И опять – репетиции, репетиции…
Молчацкий порой проявлял на них просто чудеса изобретательности. Так, когда Стас поинтересовался, а как же он будет доставать из огня – ведь костер-то будет настоящий – раскаленный кусок железа, тот сказал, что и это технически он устроит. Правда, добавил он, хоть это железо он и сделает бутафорским, Стасу все равно придется потерпеть. И может, немного обжечься. Но такова уж судьба артиста – искусство требует жертв!
Иногда на репетициях появлялся Владимир Всеволодович, и каждое его замечание, хоть и отнимало немало времени, но превращалось в настоящий праздник новых знаний и настоящих открытий.
Например, когда кто-нибудь кричал: «Ставьте сюда лавку!», академик останавливал его и спрашивал:
— А вы что, вместе со всем домом, собственно, лавку переносить собираетесь?
Встретив недоуменный взгляд, он объяснял, что лавка в русской избе всегда неподвижно укреплялась вдоль стены.
Вокруг сразу собирались актеры, подбегали другие студенты, и Владимир Всеволодович начинал объяснять:
— Иное дело скамейка! Вот у нее действительно есть ножки, и ее можно передвигать! А теперь их стали путать, и бывает, что герой какого-нибудь исторического, простите, бестселлера сев на лавку, встает со скамьи!
Студенты смеялись, Стас мотал это себе на приклеенный ус, а Владимир Всеволодович продолжал:
— Между прочим, по тому месту, которое определял хозяин пришедшему гостю, можно было определить, как он к нему относится. Если с пренебрежением – то вот тебе скамья, или, как теперь говорят, скамейка. Ну, а если с почтением, уважительно, то, пожалуйста, на лавку!
Та же судьба касалась ключей, замков, домашней утвари и особенно того, что осталось от воинского оружия…
Если же кто называл футляр для хранения стрел колчаном, то Владимир Всеволодович был просто в праведном гневе:
— Как вы можете, ставя драму о временах конца одиннадцатого века, употреблять татарское слово «колчан», которое, к тому же, вообще впервые появляется в письменных источниках 1589 года?! В древней Руси стрелы всегда носили в «туле»!
И тут начинался долгий разговор о самом луке, тетитиве, стрелах…
Оказывалось, что в древней Руси существовала даже такая мера длины, как «стрелище» или «перестрел».
— В том же одиннадцатом веке ее определяли по принципу «Яко муж дострелит»! – пояснял академик и на вопросы, какова же была дальность стрельбы, охотно отвечал: — Если говорить просто о дальности, то она достигала порой полукилометра, а то и больше. Что касается, стрельбы на поражение, то рекорд принадлежит английскому королю Генриху Восьмому – 220 метров. Рядовые же его подданные стреляли намного скромнее, чуть больше 90 метров. Зато на Востоке даже заурядные стрелки вели прицельную стрельбу на 150 метров.

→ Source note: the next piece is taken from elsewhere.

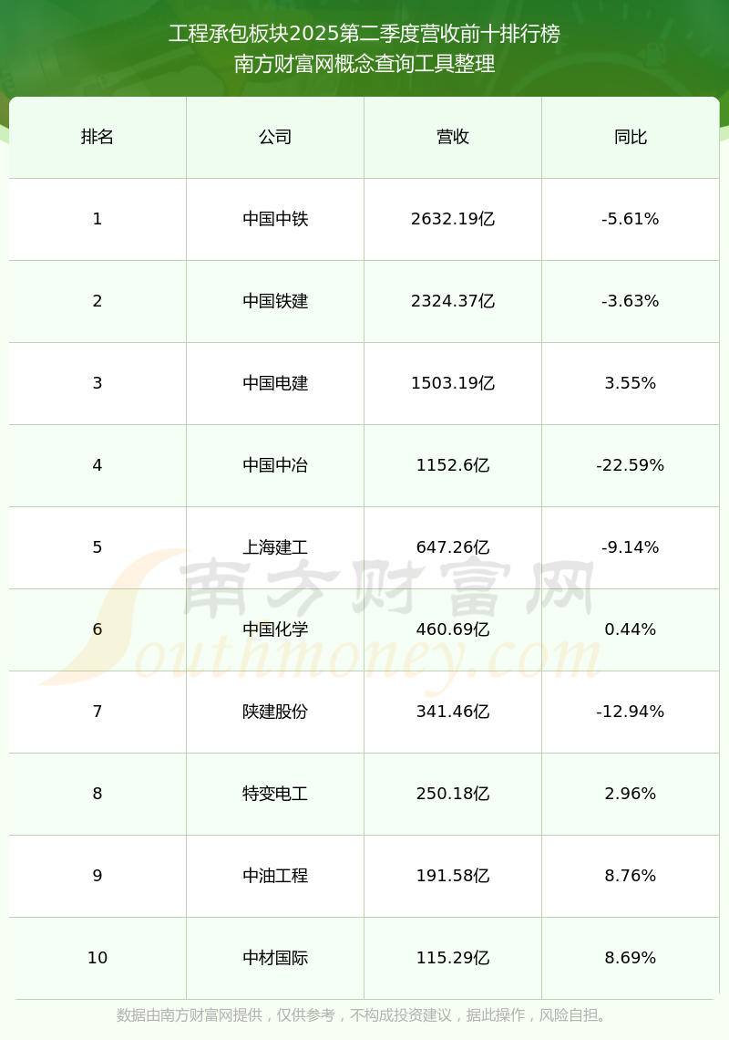 按照南方財(cái)富網(wǎng)概念查詢工具統(tǒng)計(jì),該股所屬板塊為工程承包板塊,該板塊共有22只股票,鎮(zhèn)海股份2025第二季度營收在該板塊中排名為第22名,該板塊2025第二季度營收排名前十的股票如下表:

— А мы? – ревниво принялись уточнять студенты.
Тут Владимир Всеволодович довольно усмехался и, словно спохватившись, отвечал:
— А разве я забыл сказать, что «перестрел», а это именно стрельба на поражение – равен 225 метрам!
— То есть то, что у кого-то было рекордом, для нас являлось нормой? – дружно радовались студенты. — Знай наших!
— Да и сами луки наши русские мастера изготавливали не хуже, если не лучше, чем в других странах. В летописи 1444 года прямо говорится, что из-за великого мороза татары не могли воспользоваться своими луками. А наши же воины, как ни в чем не бывало, стреляли в своих врагов. И вообще, тетиву берегли, как зеницу ока. Натягивали ее только непосредственно перед боем, берегли от сырости, а во время сильного дождя даже речи не могло быть о стрельбе! Известен случай, причем, не один, когда войско терпело поражение из-за того, что тетивы размокали так, что невозможно становилось стрелять…
Когда же речь заходила о стрелах, то тут вообще академик мог говорить до вечера. О том, что они были самыми разными – и на рыцаря в броне, и на легковооруженного воина, и на его коня, а чтобы сразу определить, какая стрела нужна в данном случае, их оперение окрашивали в разный цвет…
— Или кто скажет мне, — вдруг сам, хитро улыбаясь, спрашивал Владимир Всеволодович: боевые топоры у нас были легче, чем обычные бытовые, или тяжелее?
— Конечно тяжелее! – даже удивляясь наивности такого вопроса, рубил с плеча Ваня, и в ответ слышалось:
— А вот и нет! Боевые топорики были небольшими и легкими, даже летописец говорит о них: «топоры легки!» Это для лесоруба нужен тяжелый топор, чтобы удар был сокрушительной силы, а такой тяжелый топор дает противнику возможность увернуться и поразить тебя, скажем, копьем или саблей…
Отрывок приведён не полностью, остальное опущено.